Hillsborough County Fire Rescue and others agencies responded Wednesday to a report of a sinkhole in Seffner, a town east of Tampa, in the same location where a man died in 2013, according to the fire department.  “Upon arrival, it was confirmed that this is the same sinkhole,” a fire and rescue statement read.
The sinkhole measures about 20 feet in diameter, no one has been injured and nearby homes haven’t been evacuated, Hillsborough County Fire Rescue spokesman Ronnie Rivera told the Associated Press.
The Hillsborough County Sheriff’s Office released aerial footage of the sinkhole:
Florida sinkhole reopens after two years
Play Video2:12
This aerial footage shows a giant sinkhole in Florida that has opened up in the same spot two years after swallowing and killing a man. (Hillsborough County Sheriff’s Office)
Jeffery Bush, 37, had been asleep in the little blue house on Feb. 28, 2013, when at about 11 p.m., a giant sinkhole opened below and swallowed his entire bedroom.
Bush’s brother, Jeremy, jumped into the hole to try to rescue his brother. Emergency responders pulled him out, and Jeffery Bush’s body was never recovered.The sinkhole on Wednesday in Seffner, Florida. (Hillsborough County Sheriff's Office)
Crews tried to lower listening devices into the hole but it was unstable; another collapse buried one such device. Days later, authorities deemed the property too unsafe to enter and decided to demolish the house.

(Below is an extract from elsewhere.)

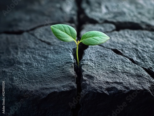 Naklejka premium Green plant breaking through stone cracked surface symbolizing renewal resilience growth and new life
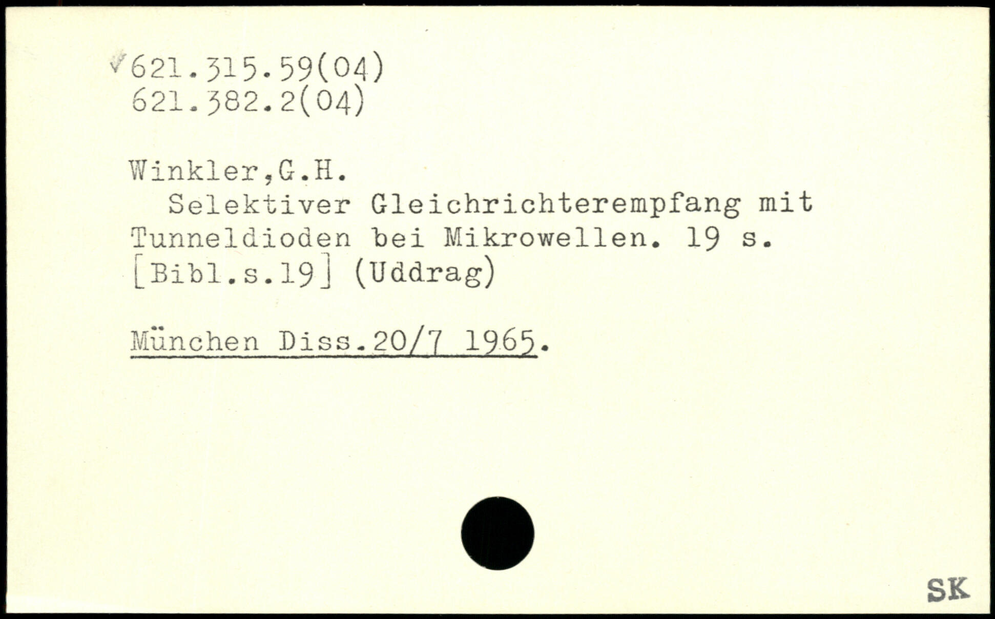 Selektiver Gleichrichterempfang mit Tunneldioden hei Mikrowellen.

“I want to let him know I loved him,” Jeremy Bush told the Tampa Bay Timesbefore gravel was poured into the giant hole. “I tried my hardest to get you out, bro.”
The sinkhole measured 15 feet wide and 20 feet deep, with a “disturbed area” of soil measuring 50 feet around the hole, documents showed.
Florida has more sinkholes than any other state, according to the Florida Office of Insurance Regulation. They occur because the entire state has limestone beneath it, which slowly dissolves from weak natural acids in rain and soil,according to the Florida Department of Environmental Protection.
State law requires insurers to cover “catastrophic ground cover collapse,” according to the insurance regulation agency. Hillsborough County, where Jeffery Bush died, is in “sinkhole alley.”
While thousands of Florida sinkholes have been reported in recent decades,Florida Geological Survey geologist Clint Kromhout told the Orlando Sentinel that there have been just four sinkhole deaths reported in the state. He called sinkhole fatalities “extremely rare.”